Additionally, the chamfer of the diaphragm chamfer angle 22 may generally be set at C0.1-C1.

In certain embodiments, the tab connector 14 is connected to the adaptor 12 as a unitary structure. In this way, the strength of the connection of the tab connection element 14 to the adapter element 12 can be increased.

Specifically, the tab connector 14 is connected with the adaptor 12 as a unitary structure, that is, the tab connector 14 is connected with the adaptor 12 as a unitary structural component. The unitary structural member may be formed by stamping and bending a sheet of material (e.g., sheet metal).

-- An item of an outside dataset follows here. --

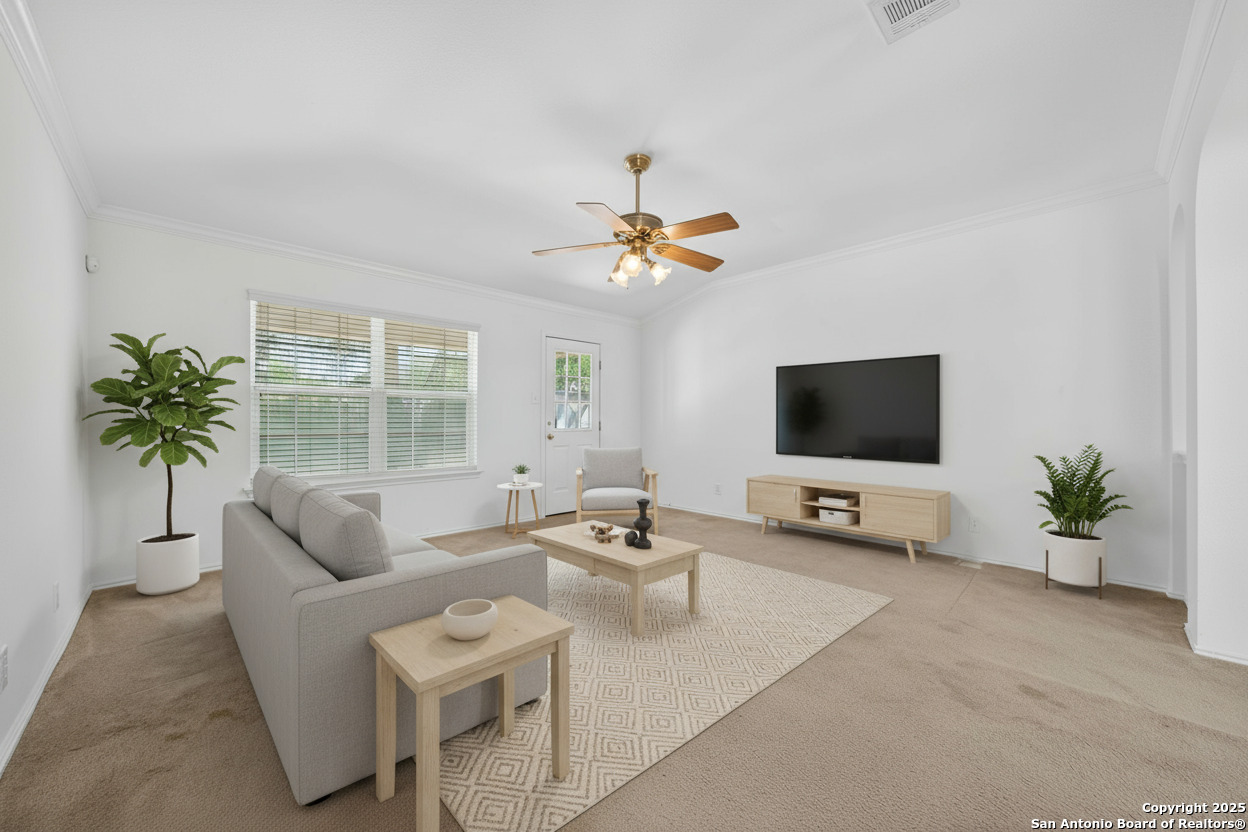 Welcome to 462 Bobcat Hollow, where comfort and convenience meet timeless charm. Step inside to find an inviting, light-filled floor plan with tasteful finishes that create an easy flow throughout the home. Two spacious living areas provide versatility, perfect for cozy evenings in or hosting family and friends, with large windows that frame views of the private yard. The well-appointed kitchen offers generous counter space, ample cabinetry, and a breakfast bar that invites gathering and conversation. The primary suite is a serene retreat, featuring a walk-in closet and en-suite bath with dual vanities for added convenience. Two additional bedrooms offer flexibility for family, guests, or a home office, sharing a thoughtfully designed full bath. Outdoors, the expansive backyard is made for enjoyment, whether you are grilling, gardening, or simply unwinding beneath Texas skies. This property offers not just a house, but a lifestyle centered on comfort, connection, and everyday ease.

In the integrated structure, the connection strength between the tab connecting piece 14 and the adaptor piece 12 is high.

Further, when the tab connector 14 is connected to the adaptor 12 as an integral structure, the tab connector 14 may be a component for connecting the tab 24 and extend from one side (the front side as shown in fig. 1) of the adaptor 12 to a direction away from the battery cell 200 body 20.

In certain embodiments, the tab connection member 14 is disposed in the lower half 26 of the adaptor 12, and the adaptor 12 is shaped to decrease in width from top to bottom. In this way, the adaptor 12 can be easily installed.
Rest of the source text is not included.